Nel quinto brano è raccontato il lavoro del falegname che con la pialla fa tre croci «due per chi / disertò per rubare / la più grande per chi guerra / insegnò a disertare», nel sesto brano si descrive Gesù sulla Croce, nel settimo si descrive il pianto di Maria nel Calvario, nell'ottavo si commentano i Comandamenti, nel nono, il più polemico, di Cristo si dice: «Non voglio pensarti figlio di Dio / ma figlio dell'Uomo, fratello anche mio».

Nel commento a questo brano Fabrizio lamentandosi dell'incomprensione di alcuni dice: «Non avevano capito che La buona novella è un'allegoria, che paragona le istanze più sensate della rivolta del 1968 con quella della vita di Cristo».

E stato detto di tutto su questa Buona novella, ma sembra che il problema di Fabrizio sia un problema mistico più che religioso; dopo che nelle poesie precedenti ha cominciato a temere la sfiducia, a essere invaso dal sarcasmo più che dall’ironia, nella Buona Novella forse questo processo si è concluso. I suoi personaggi, la sua gente libera (fuori dai sepolcri imbiancati, incapace di discriminazione, con gli occhi spalancati sulle ingiustizie del mondo, con denuncia bruciante per i falsi poteri e tenerezza senza confini per la debolezza degli uomini, con inorriditi pensieri per la guerra e ostinate speranze di non violenza e di pace, con amori incapaci di regole e inerme pazienza per disgrazie e dolori) questa gente libera qui si ricongiunge alle proposte di quell'«eroe rivoluzionario che era Cristo e che predicava la Fratellanza universale».
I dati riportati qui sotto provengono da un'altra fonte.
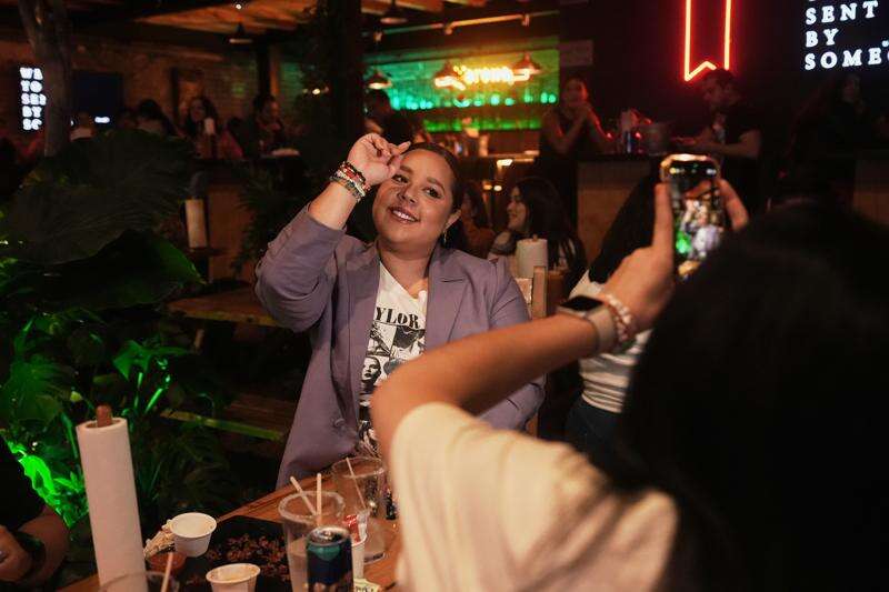 Longtime Swiftie Helen Brabant-Bleakley showed up at the Black Dog to mark her 30th birthday, wearing a teal sash with gold lettering that read: “The Life of a Birthday Girl.”

La buona novella comincia con una favola che sembra felice e invece viene distrutta dalla realtà; ma nel venire distrutta ci appare ancora una volta, in piena polemica, il dono magico dell'umanità di Fabrizio: «Nella pietà che non cede al rancore / madre, ho imparato l'amore».

Vita di Gesù narrata da Claudio Bisio

Il cofanetto che Einaudi Stile libero dedica a «La buona novella» di Fabrizio De André è composto da un video della durata di 80 minuti con lo spettacolo integrale messo in scena dal Teatro dell'Archivolto e da un volume di 127 pagine che contiene tutti i materiali dello spettacolo più due scritti originali di Claudio Bisio e del regista Giorgio Gallione, una nota di Carlo Boccadoro sull'elaborazione musicale e una scelta dei Vangeli apocrifi.

Protagonisti di questa sorta di sacra rappresentazione laica, portata in tournée con grande successo nella stagione 2000-2001, sono Claudio Bisio, Lina Sastri, Leda Battisti.